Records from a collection
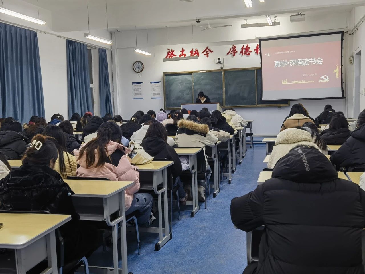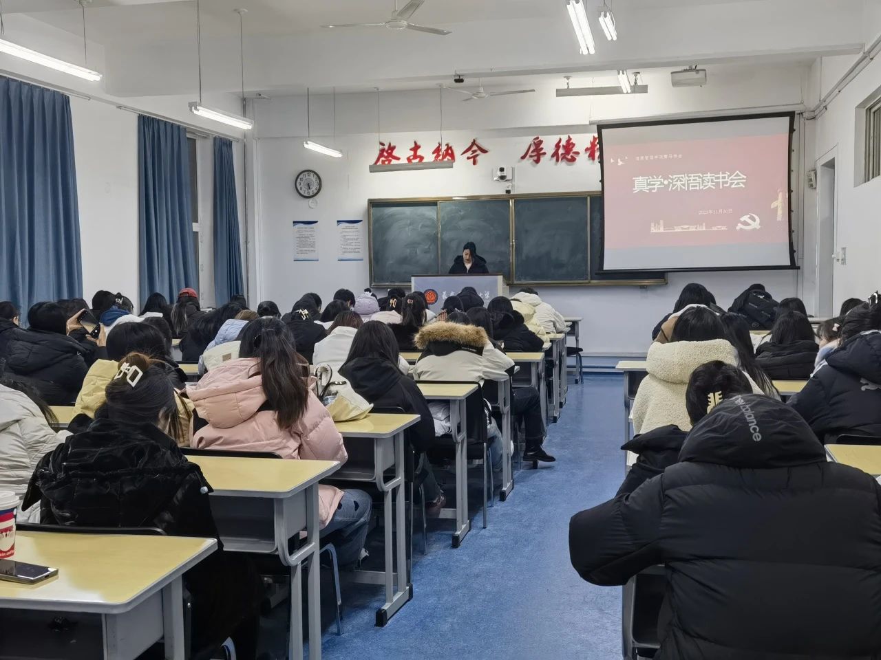 青马学员在致知楼1101开展例行读书会。此次青马学员共读一本书----《中国人,你要有自信》。
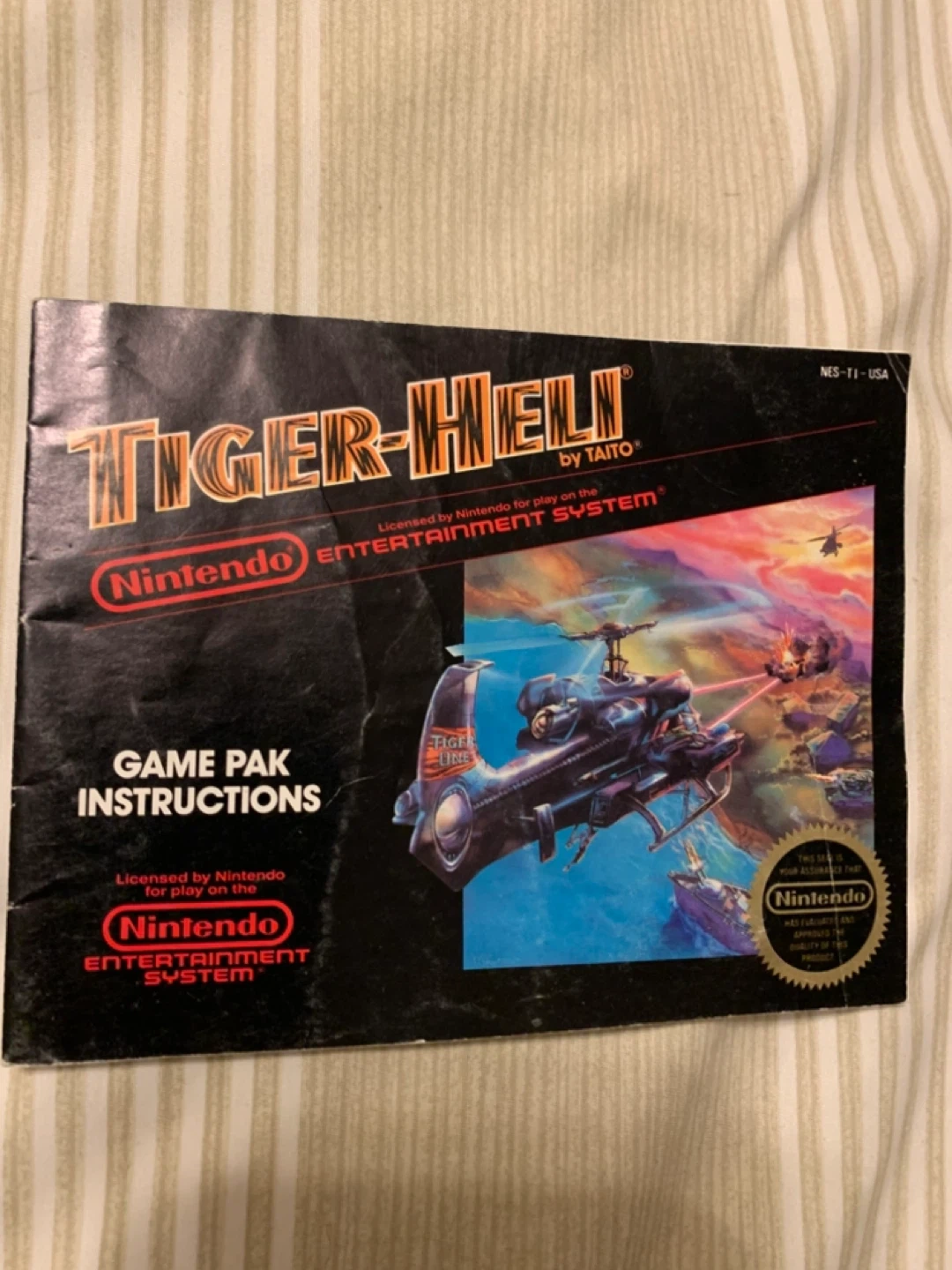 Selling the game pak instructions for the Nintendo game Tiger-Heli by Taito! Licensed by Nintendo for play on the Nintendo Entertainment System. This seal is your assurance that Nintendo has evaluated and approved the quality of the product
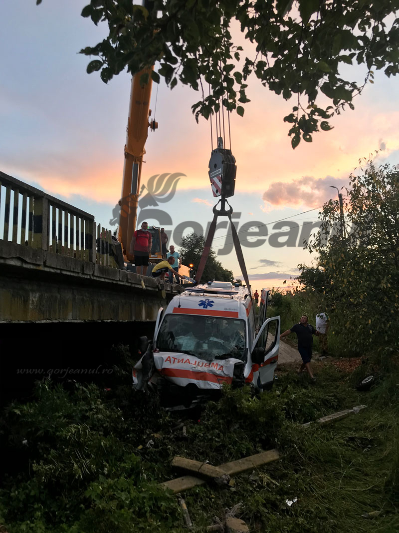 ce aparține SAJ Mehedinți, care transporta un pacient confirmat pozitiv cu virusul COVID-19. Ambulanța a părăsit partea carosabilă și a căzut de pe un pod. La fața locului s-au deplasat două autospeciale pentru descarcerare din cadrul Detașamentului de Pompieri Târgu-Jiu, precum și patru ambulanțe SAJ. În urma impactului au rezultat patru victime, conștiente și neîncarcerate, fiind vorba despre trei membri ai echipajului ce încadrau ambulanța și pacientul. Toate cele patru victime prezintă leziuni. Echipajele de intervenție sosite la fața locului le-au acordat primul ajutor calificat victimelor, ulterior acestea fiind transportate la UPU Târgu-Jiu”, a transmis ISU Gorj. La locul accidentului a venit și un director al Ambulanței Mehedinți, care a confirmat că pacientul din salvarea avariată era infectat cu noul coronavirus și era transportat de la Orșova spre Târgu-Jiu. Din cauza stării pacientului respectiv oamenii au păstrat distanța de salvarea distrusă, nedorind să aibă de-a face cu temutul COVID-19. Inițial, aceștia nu au știut, iar când au încercat să ajungă la echipajul medical cineva din ambulanță le-a transmis oamenilor să stea la distanță. La locul accidentului s-au format cozi kilometrice, șoseaua fiind una intens circulată. Traficul a fost oprit temporar pentru cercetările făcute de polițiști la fața locului, dar și pentru ca o macara să ridice ambulanța de sub pod și să o readucă la nivelul șoselei pentru a putea fi transportată cu o platformă la un service auto. Șoferul considerat responsabil pentru cele
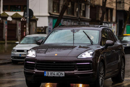 Cars in traffic at rush hour in downtown area of the city. Car pollution, traffic jam in the morning and evening in the capital city of Bucharest, Romania, 2021
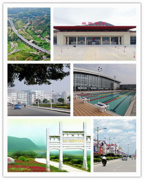 兴国县建县始于三国,吴嘉禾五年(236年)置平阳县,北宋太平兴国七年(982年)以年号“太平兴国”为县名。兴国县拥有319国道、238国道、356国道、泉南高速公路、兴赣高速公路、京九铁路、兴泉铁路、昌赣高速铁路,构建了连南贯北、承东启西、铁海联运、客货兼备交通格局。境内富含萤石、钨、煤、金、稀土、石灰石等20多种矿产资源。

▸ YOUR OBJECTIVE: Return an exact copy of the data above, apart from any pictures.

▸ OUTPUT OF THE EXERCISE:
 青马学员在致知楼1101开展例行读书会。此次青马学员共读一本书----《中国人,你要有自信》。
 Selling the game pak instructions for the Nintendo game Tiger-Heli by Taito! Licensed by Nintendo for play on the Nintendo Entertainment System. This seal is your assurance that Nintendo has evaluated and approved the quality of the product
 ce aparține SAJ Mehedinți, care transporta un pacient confirmat pozitiv cu virusul COVID-19. Ambulanța a părăsit partea carosabilă și a căzut de pe un pod. La fața locului s-au deplasat două autospeciale pentru descarcerare din cadrul Detașamentului de Pompieri Târgu-Jiu, precum și patru ambulanțe SAJ. În urma impactului au rezultat patru victime, conștiente și neîncarcerate, fiind vorba despre trei membri ai echipajului ce încadrau ambulanța și pacientul. Toate cele patru victime prezintă leziuni. Echipajele de intervenție sosite la fața locului le-au acordat primul ajutor calificat victimelor, ulterior acestea fiind transportate la UPU Târgu-Jiu”, a transmis ISU Gorj. La locul accidentului a venit și un director al Ambulanței Mehedinți, care a confirmat că pacientul din salvarea avariată era infectat cu noul coronavirus și era transportat de la Orșova spre Târgu-Jiu. Din cauza stării pacientului respectiv oamenii au păstrat distanța de salvarea distrusă, nedorind să aibă de-a face cu temutul COVID-19. Inițial, aceștia nu au știut, iar când au încercat să ajungă la echipajul medical cineva din ambulanță le-a transmis oamenilor să stea la distanță. La locul accidentului s-au format cozi kilometrice, șoseaua fiind una intens circulată. Traficul a fost oprit temporar pentru cercetările făcute de polițiști la fața locului, dar și pentru ca o macara să ridice ambulanța de sub pod și să o readucă la nivelul șoselei pentru a putea fi transportată cu o platformă la un service auto. Șoferul considerat responsabil pentru cele
 Cars in traffic at rush hour in downtown area of the city. Car pollution, traffic jam in the morning and evening in the capital city of Bucharest, Romania, 2021
 兴国县建县始于三国,吴嘉禾五年(236年)置平阳县,北宋太平兴国七年(982年)以年号“太平兴国”为县名。兴国县拥有319国道、238国道、356国道、泉南高速公路、兴赣高速公路、京九铁路、兴泉铁路、昌赣高速铁路,构建了连南贯北、承东启西、铁海联运、客货兼备交通格局。境内富含萤石、钨、煤、金、稀土、石灰石等20多种矿产资源。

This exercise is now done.